Виктория Павловна. Дочь Виктории Павловны
Шрифт:
Она тряхнула его, очарованного ее взглядом, так, что он невольно мотнул головою, как кукла, и продолжала:
— Умел пакостить — умей молчать. Не хвастай, ворона, что орлёна — гулёна. Рот на замок запри, да и ключ забрось. Потому что — это я тебе истинно говорю и хочешь Богом, хочешь дьяволом поклянусь: если дойдет до ушей моих хоть слово худой молвы про Витеньку по этим вашим похождениям, — зови попа да кайся во грехах, потому что только и было твоей жизни… Недели не пройдет с того часа, а ты будешь лежать на погосте. Это я тебе говорю, — так то, сокол ясный, нос красный! А про меня ты, коли сам не знаешь, людей спроси: бывало ли когда, чтобы Арина Молочница тратила слова даром. Я теперь с тебя, покуда ты будешь в наших местах, глаз не спущу, — так ты и знай. А уедешь куда, не надейся, что далеко. Вздумаешь хвалиться да врать, — я тебя за тридевять земель в тридесятом царстве достану… от меня, как от судьбы: не уйдешь!..
Возвратясь с этого
— Да что с тобою, Иван? Или ты в лесу лешего встретил?

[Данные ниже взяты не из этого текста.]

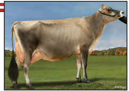
LAKE-POINT PREMIER VALYRIA Dam of Lot 10

5TH DAM: HURONIA CENTURION VERONICA 20J 97% 6-08 365 2 24442 5.6 1380 3.9 955 DHIR 3306C 2004 NATIONAL GRAND CHAMPION
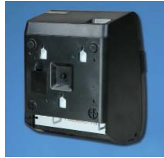
Built-In Wall Mount Capability
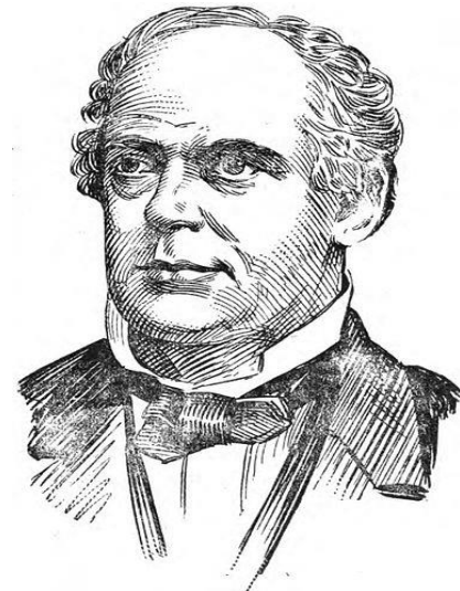
“Salmon P. Chase as Senator,” Taylor, William A., Ohio in Congress from 1803 to 1901, with notes and sketches of senators and representatives. D. 69.

Chase’s colleagues in the newly-formed Republican Party, the Compromise of 1850 further strengthened the Fugitive Slave Act of 1850. The federal legislation required return of slaves to those who claimed them as property, whether or not the individual was found living in a “free” state, thus superseding control at the state level.
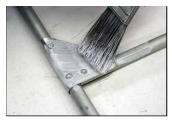
Fig. 1: After a thorough cleaning, scuff the parts to be covered with a mild abrasive, then apply Oratex adhesive with a brush.
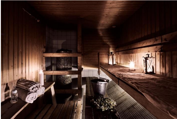
Interior of Sauna Hermanni, Helsinki, Finland.
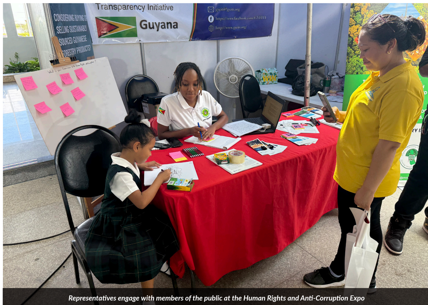
Representatives engage with members of the public at the Human Rights and Anti-Corruption Expo
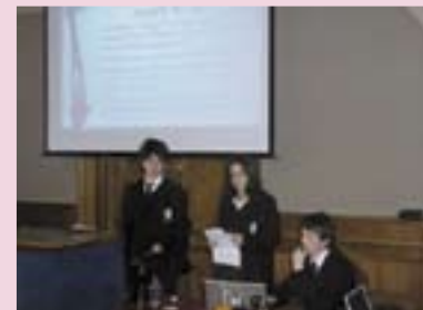
Students from St. Columba's College doing a presentation at the senior conference 1
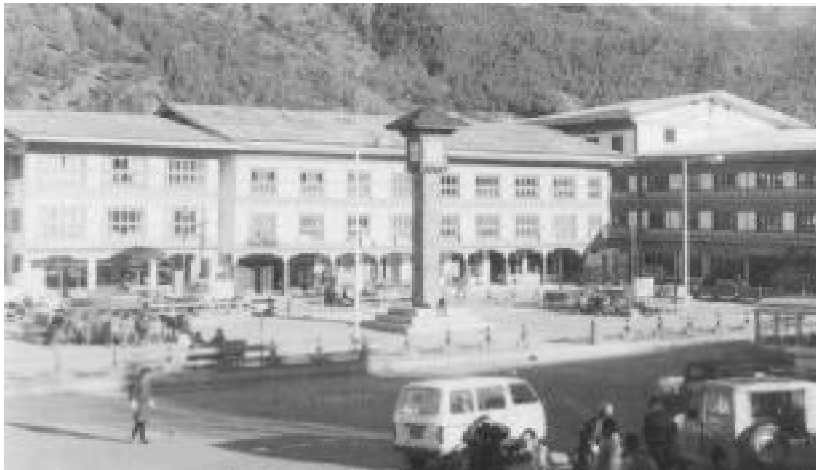
Photo 3. Some of the major rhino horn traders in Bhutan have lived in Thimpu, the capital.

mous, 1995b, Anonymous, 1995c). In September 1995 four tiger claws were seized in Siliguri (Belinda Wright, pers. comm., 1999). In early 1996 20 leopard skins and a tiger skin were confiscated at New Jalpaiguri's railway station, just eight kilometres south of Siliguri; skins probably came from Assam and were to be sent to Calcutta businessmen (Anonymous, 1996). There is even a thriving trade in live leopard cubs from the Siliguri area to Nepal and Thailand via Burma (Wright, pers. comm., 1999).
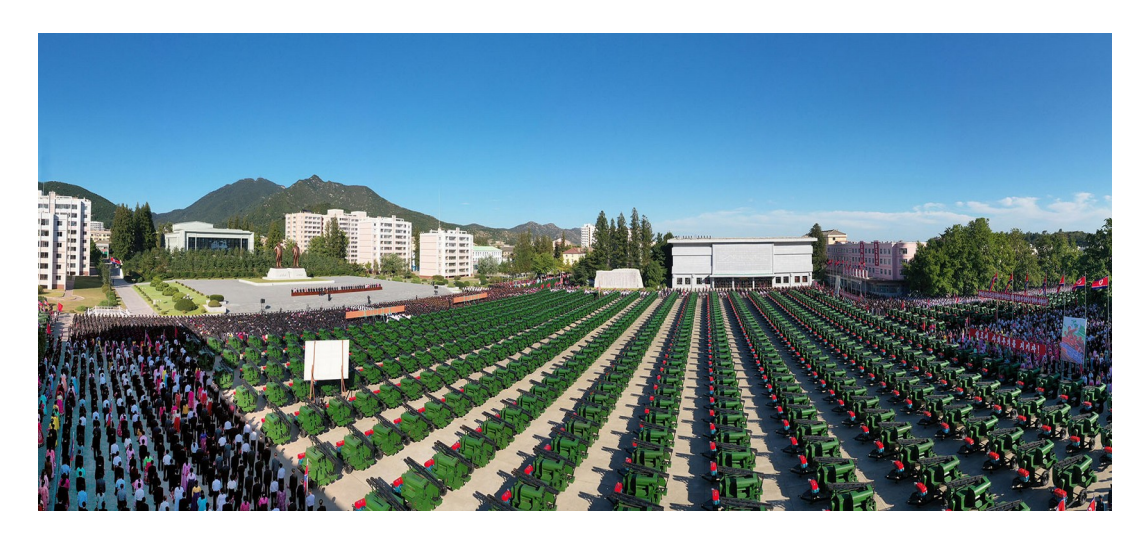
Ceremony for conveying farm machines held in Haeju Square in South Hwanghae Province in late September
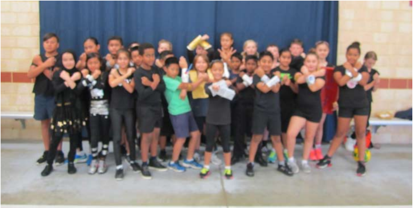
BEST CLASS AWARD AREA 9
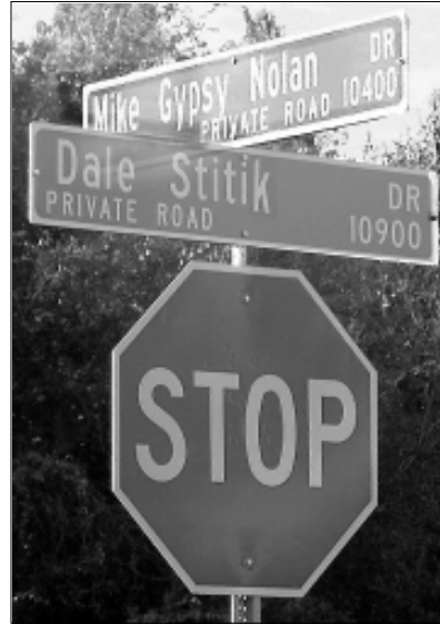
These street signs are located on the property with the Northwest Regional Water Reclamation and Northwest Regional Residuals Recovery plants.
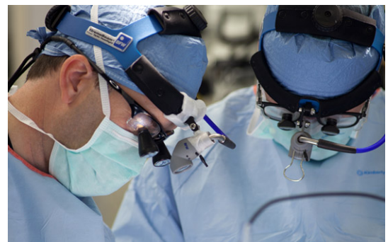
More than 30 neurosurgeons at UC San Diego Health System are dedicated to the care of complex neurological diseases.

According to the Becker’s Hospital Review editorial team, these hospitals offer outstanding spine and neurosurgical care, and were selected based on nominations, clinical accolades, quality care and other spine and neurosurgical proficiencies.
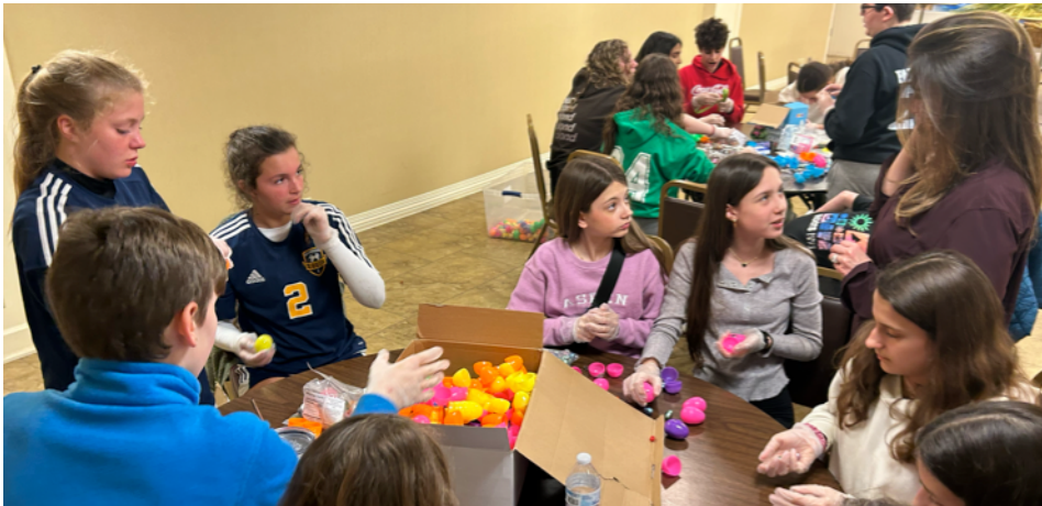
GOYANS Prepping Easter Eggs for Annual Egg Hunt
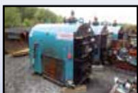
COAL FIRED BOILERS

MILLER Trailblazer 302 Welder/Generator, s/n LJ080044Q, 3 cylinder diesel engine • MILLER 300 Amp Electric Welder, with wire feed • SNAP-ON Welder • THERMAL DYNAMICS Plasma Cutter • Shop Welders • INGERSOLL-RAND T30 Vertical Shop Air Compressor • Horizontal Shop Air Compressor • KENOWA 8,000 Watt Gas Powered Generator • WALKER TURNER (4) Spindle Drill Press • Drill Presses • MK Wet Saw • PORTO MAG Magnetic Drill Press • HYD MECH S20 Horizontal Metal Cutting Band Saw, with control station • CAROLINA Band Saw • GILSON TM36 Test Shaker, s/n T1523 • GILSON Test Screens • FAIRBANKS Platform Scale • Model M2000 Pressure Washer, skid mounted with water tank. In poor condition. • Bolt Bins • Pallet Racking • Pumps • Banding Tools • Ice Melt
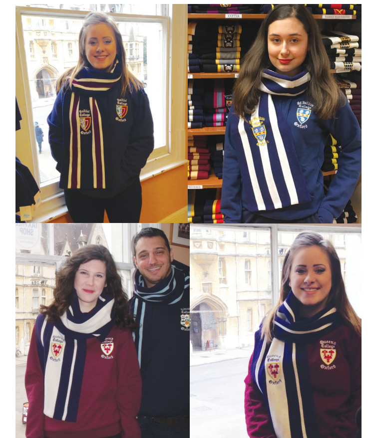
College Scarves + Hoodies

Иван Афанасьевич только головою мотал, да руками отмахивался, а про себя думал:
— Лешего не лешего, а ведьму — с тем возьмите!
Большой страх, который внушала ему Арина Федотовна, был главною причиною того, что, когда стряслось несчастие в Пурникове и растерял Иван Афанасьевич своих благодетелей и покровителей, он предпочел опуститься до последнего упадка, только бы не обратиться к милости Виктории Павловны, хотя был уверен, что она, по доброте своей и великодушию, сжалится над ним скорее и проще, чем кто либо. Но Правосла, под властью Арины Федотовны, представлялась ему чем-то вроде пасти адовой, в которую только попади, а выхода назад не будет…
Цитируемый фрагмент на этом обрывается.